Hello Hallie, I have been following the page for some time now and I admire you so much for what you are doing a truly wonderful way to pay tribute to your son. I realise my message comes at a sad time for you, my heart breaks thinking about what you would be feeling coming up to CJs birthday but I felt I had to message you today and share my story, although its not anything special. Earlier this year you sent me some of CJs ashes, along with your lovely letter and card. I must admit I live in an amazing place and had a few ideas of what I would show CJ and where I would scatter him. Unfortunately I could not bring myself to do it. Earlier this year my little boy, age 6, was diagnosed with leukaemia and we were flown to a hospital almost 700kms away from our home for his treatment.
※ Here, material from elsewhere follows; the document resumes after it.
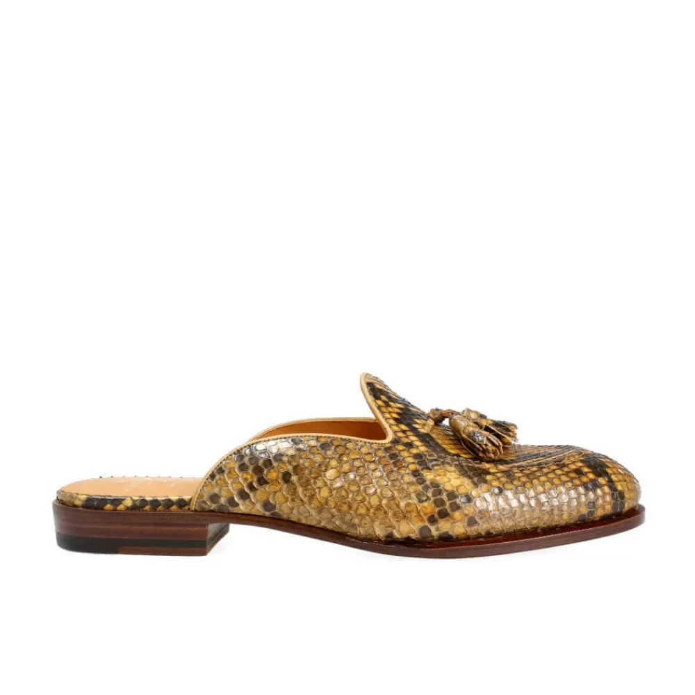 Mules de borlas de mujer en pitón camel.Acabado con una suela de cuero de alta calidad con el logotipo estampado de Car…

You see out local hospital is not set up to treat oncology until the patient goes into remission, and even then you have to travel to the bigger hospital regularly for certain treatments. This meant being separated from the rest of our family, our friends and everything that made our home special to us. We have received amazing support from everyone though and even though its been a tough journey with much more to come we know we have many people behind us to make the journey as easy as it can be. Anyway thats off track. You see the reason I could never release CJs ashes is because, when I received them it brought a different kind of comfort during our journey. I cant explain it, but knowing you have entrusted your precious sons ashes to me, and many others of course, did something inside of me and I felt I needed to keep him with me while my son and I go through his cancer journey, at least for now. He is always close by, no matter what we are doing, and for some reason it brings me a little bit of comfort, as if having a bit of your son with us is having another angel looking over my son. I hope you are ok with this and please know I have every intention of scattering CJ and sending you photos when my heart tells me the time is right. I know the next few days are going to be hard for you and I will be praying you find some comfort and peace somehow, and celebrate your sons life xxx (I chose to withhold her name to protect their privacy)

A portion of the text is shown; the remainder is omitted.